Time just seemed to stop around her, and things remained the same in her life. I remember trying to explain what the internet and email were to her. She smiled politely, but had no use for the information. She liked life the way it was. She had a paperman who would put the newspaper squarely on her welcome mat and garbage collectors who would walk up the drive to get her cans. She always left them a Pepsi with a dollar bill under it. Wonder if that would work today?

So, at 90, she could still drive to church and do just about everything she had ever been able to do. It was just that her heart got tired. And a few days before she passed away, she told us she had been dancing with Harold. We knew her time was near.

And I still miss her. I'm so grateful for her life and all that she sowed into my life and the lives of my children.

So, Happy Birthday, Gaga. You were the best gift of all.

Sunday, September 7, 2008

Sisters

My sister, R, and I went to Trade Days in Wimberly this weekend. She always insists that we leave at the crack of dawn. We beat most of the vendors there. And we have an hour's drive.


R has these trips down to a fine science. She knows where to park, where to shop and how to make a killer deal. She owns her own red basket to haul her treasures home.

I am her loyal sidekick. I don't ever buy very much. My total cost yesterday was 66 cents. (Three books for a dollar; I only wanted two.) But I love the adventure.

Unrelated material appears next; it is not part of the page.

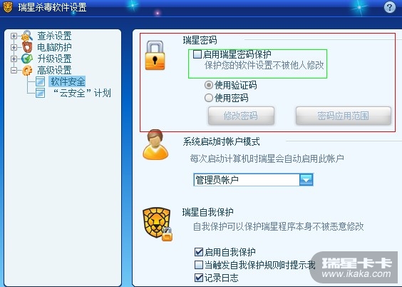 这样杀毒取消或者设置更改时不需要验证码

Yesterday , there was a shelf she wanted but she felt like the cost was too high. I stood by and wiggled it to show its unsturdiness. She closed the deal for half off. High fives all around.

We couldn't resist taking a picture by this sign. Because it really does take so little for us to have a great time together. After a lifetime of being sisters, we've never run out of things to talk about. Or laugh about. And I don't think we ever will.

We joke that when we are old, we will share a duplex. I will get the right side; she'll get the left. She will be the driver on all trips. We've appointed my daughter, K, to make sure we never dress in gaudy clothes, gold shoes or rhinestone sunglasses. (I'm sure K will add to that list as the years go on.)